▶ WHAT TO WORK ON: For the material below, the expected output is exactly the lines between the line holding "3.3)清肺湯(セイハイトウ" and the line holding "Segundo os técnicos", inclusive, with pictures left out.

▶ DATA RECORDS:
↓↓↓
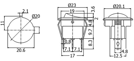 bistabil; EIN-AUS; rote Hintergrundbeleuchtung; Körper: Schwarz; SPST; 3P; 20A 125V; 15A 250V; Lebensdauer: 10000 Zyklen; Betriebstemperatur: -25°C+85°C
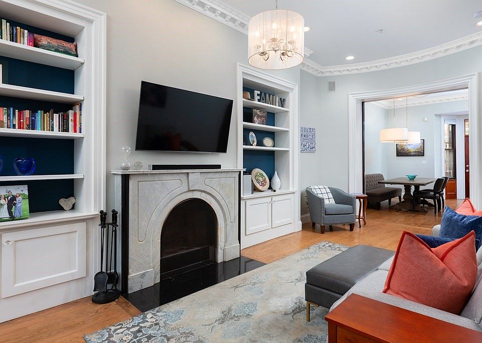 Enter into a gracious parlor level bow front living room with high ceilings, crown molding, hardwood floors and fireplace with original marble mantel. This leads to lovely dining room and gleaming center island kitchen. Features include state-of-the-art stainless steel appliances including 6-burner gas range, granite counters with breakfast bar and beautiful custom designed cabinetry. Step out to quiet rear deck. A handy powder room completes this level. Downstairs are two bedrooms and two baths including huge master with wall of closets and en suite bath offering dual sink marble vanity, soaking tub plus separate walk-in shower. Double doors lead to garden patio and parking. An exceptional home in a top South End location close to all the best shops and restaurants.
↑↑↑
↓↓↓
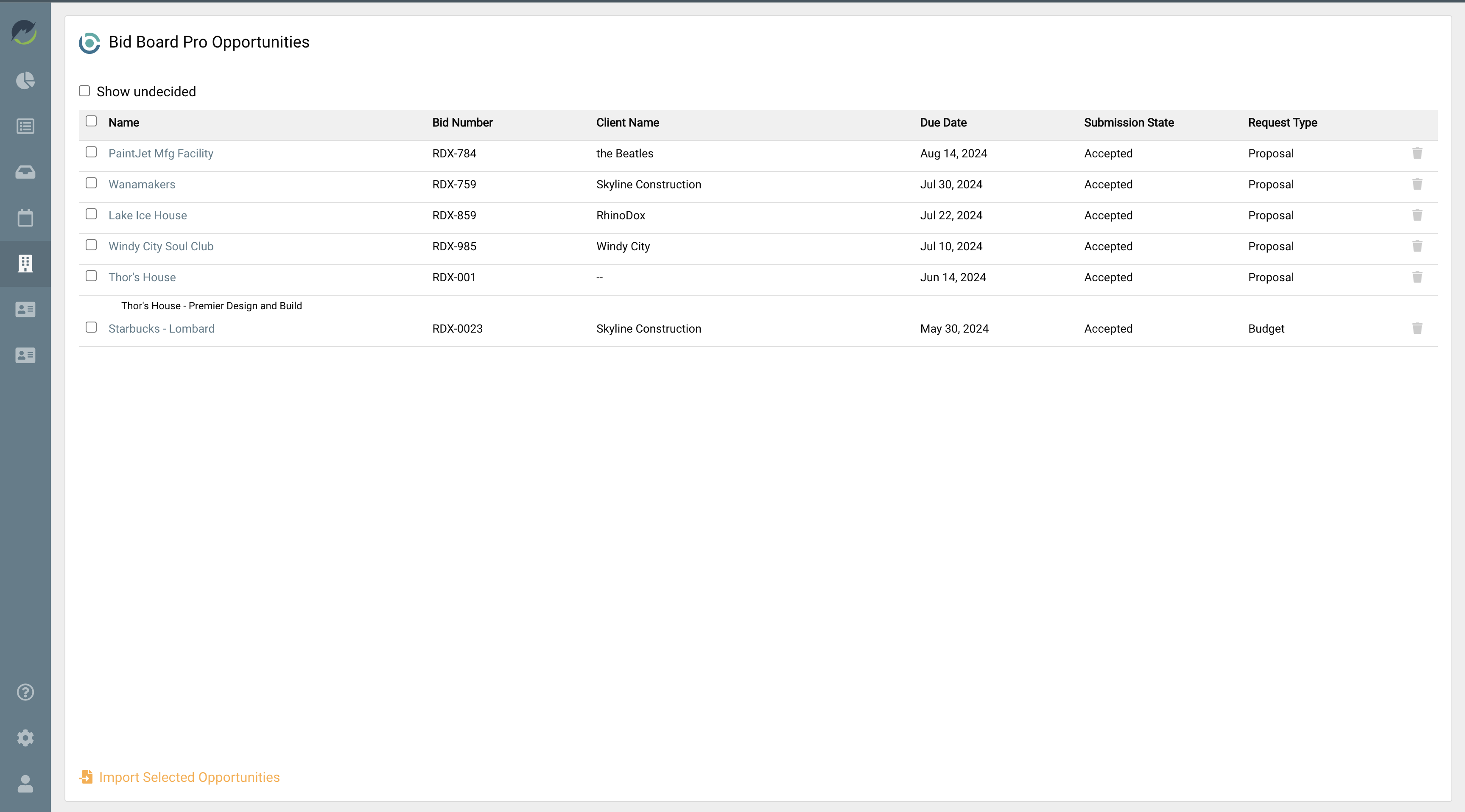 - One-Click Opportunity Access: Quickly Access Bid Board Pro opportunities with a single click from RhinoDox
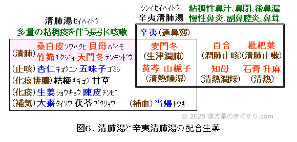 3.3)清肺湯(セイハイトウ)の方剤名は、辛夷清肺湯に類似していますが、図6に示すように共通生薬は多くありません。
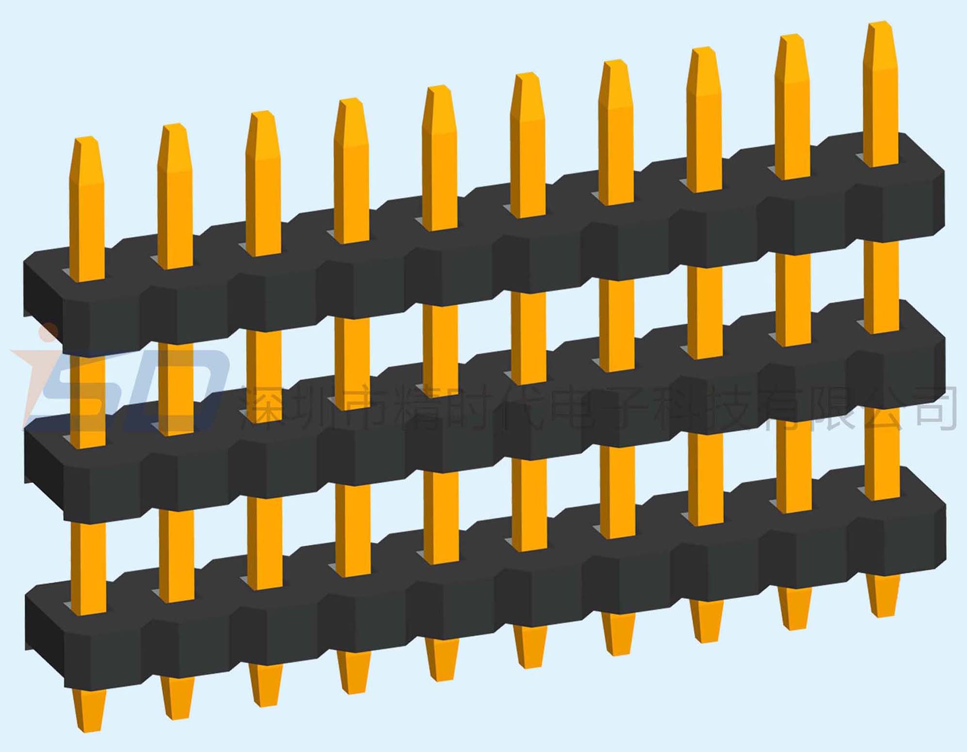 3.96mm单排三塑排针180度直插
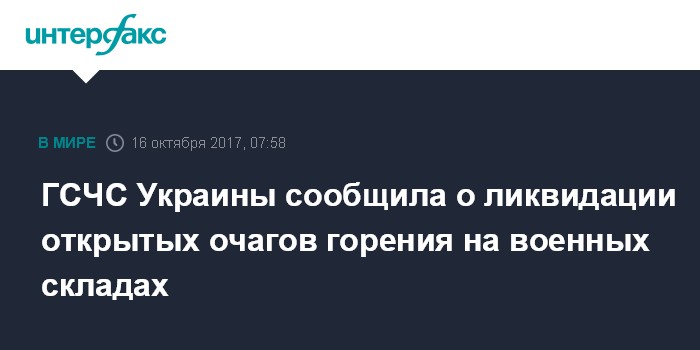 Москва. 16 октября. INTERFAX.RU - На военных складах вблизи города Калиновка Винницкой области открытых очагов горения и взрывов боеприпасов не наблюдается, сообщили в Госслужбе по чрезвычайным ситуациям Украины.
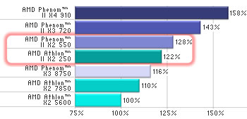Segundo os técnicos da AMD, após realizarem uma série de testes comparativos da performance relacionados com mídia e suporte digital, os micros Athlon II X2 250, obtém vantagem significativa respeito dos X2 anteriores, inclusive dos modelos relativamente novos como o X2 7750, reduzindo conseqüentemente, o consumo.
↑↑↑
▶ ANSWER FOR THIS EXERCISE:
 3.3)清肺湯(セイハイトウ)の方剤名は、辛夷清肺湯に類似していますが、図6に示すように共通生薬は多くありません。
 3.96mm单排三塑排针180度直插
 Москва. 16 октября. INTERFAX.RU - На военных складах вблизи города Калиновка Винницкой области открытых очагов горения и взрывов боеприпасов не наблюдается, сообщили в Госслужбе по чрезвычайным ситуациям Украины.
Segundo os técnicos da AMD, após realizarem uma série de testes comparativos da performance relacionados com mídia e suporte digital, os micros Athlon II X2 250, obtém vantagem significativa respeito dos X2 anteriores, inclusive dos modelos relativamente novos como o X2 7750, reduzindo conseqüentemente, o consumo.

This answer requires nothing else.